My favorite songs: Ugh. I hate narrowing this down to three when I love the whole show, but I guess I’ll go with “We’re Taking Over the Hall,” “The Open Road,” and “The Wild Wooders.” “Messing About in a Boat” is an honorable mention. I could’ve picked almost anything, though.
How I’ve experienced it: I’d never even heard of this musical until I saw it. My high school, which—as I’ve mentioned a few times before—put on bizarrely professional-caliber shows, staged it. I had a class with the guy who played Joe and heard him talk at length about rehearsing the part where he falls off the stage into the orchestra pit. Knowing about that in advance only made it slightly less alarming.
What’s it about? It follows Mark Twain’s original novel. When Tom and his friend Huck witness a group of gravediggers discussing a hidden treasure, it puts them in danger.
Why is it so good?

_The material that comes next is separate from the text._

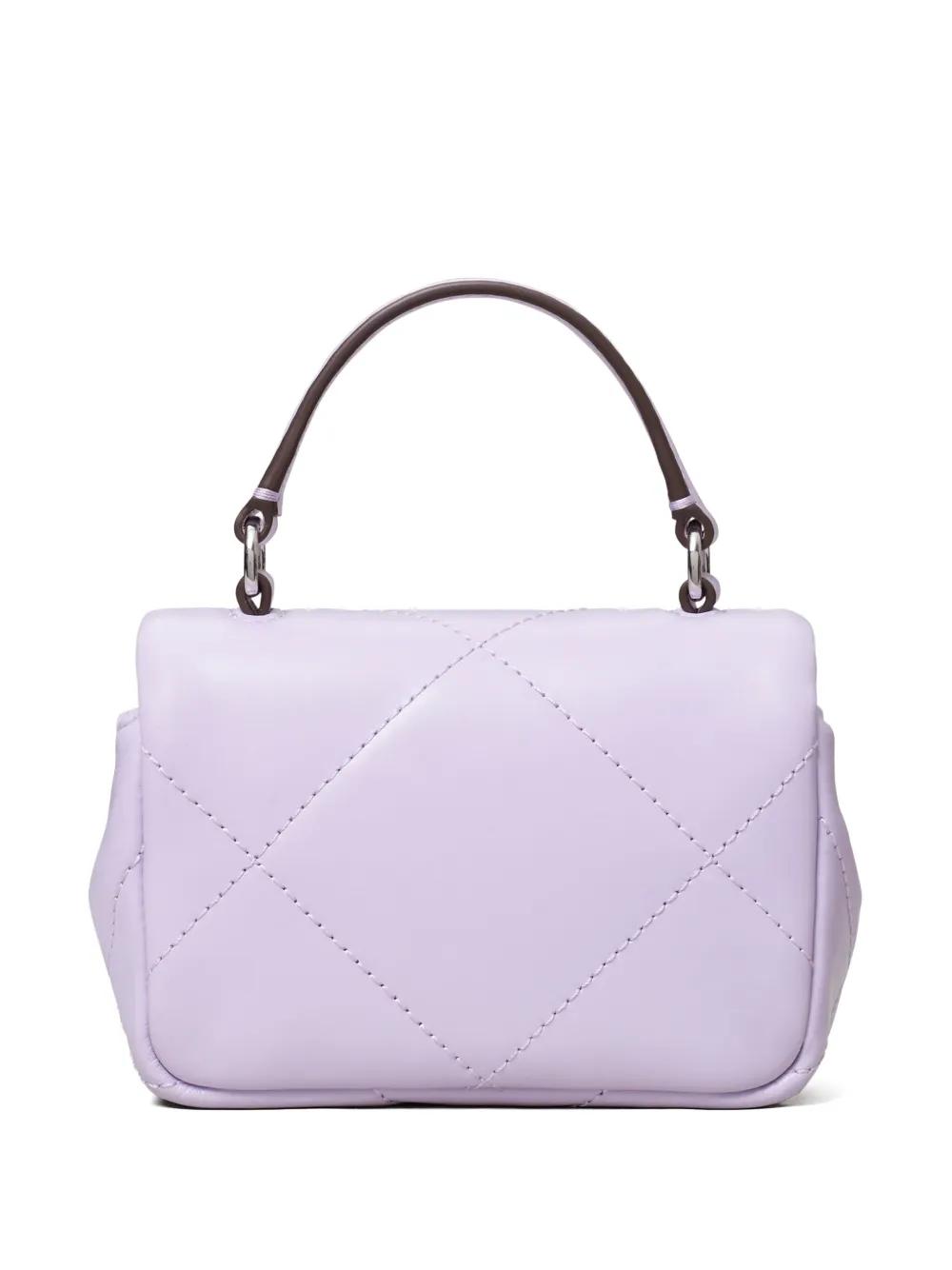 lilac purple foldover top with magnetic fastening single flat top handle detachable chain-link shoulder strap signature TB monogram plaque

It’s just very spirited. Obviously there are issues with the show, just as there are with the book (“Injun Joe” is kinda racist), but the show has some fun songs. A lot of Tom Sawyer is about youthful hijinks, and youthful hijinks make for entertaining musical numbers.
My recommendation (if you can’t see it live): This show isn’t readily available anywhere that I know of. If you’re interested in it, listening to the cast album is pretty much your only opportunity to do so. I looked on YouTube to try to find some clips, but the only remotely legit video I found is this performance of “To Hear You Say My Name” on the Rosie O’Donnell Show. Honestly, as a standard love song, that’s it’s probably the least entertaining number in the whole show, but it is what it is.
My favorite songs: “Angels Lost,” “The Vow,” and “It Just Ain’t Me”
Which cast recordings have I heard, and which is my favorite? I’m pretty sure there’s only one.
What’s it about? From what I can tell from listening to the cast recording, it follows Natalie Babbitt’s original pretty closely: a young girl runs into a family who accidentally became immortal by drinking enchanted water.
What’s so good about it? Mostly, the music is catchy and fun. I’m a big fan of Andrew Keenan-Bolger (Newsies), I love Terrence Mann’s voice (The Scarlet Pimpernel), and I saw Carolee Carmello onstage (in Hello, Dolly!) so their involvement predisposed me to like it. This is not one of my personal top-tier musicals, like it is for a lot of people. For myself, I like it but don’t love it. The songs are generally upbeat and catchy and overall the show is much, much better than anything I would’ve expected from an adaptation of Tuck Everlasting (I did not care for the book).”
My favorite songs: “Partner and Crime” and “Good Girl Winnie Foster” are by far the best and most memorable. Since I have to pick three, I think I’ll add “Hugo’s First Case.”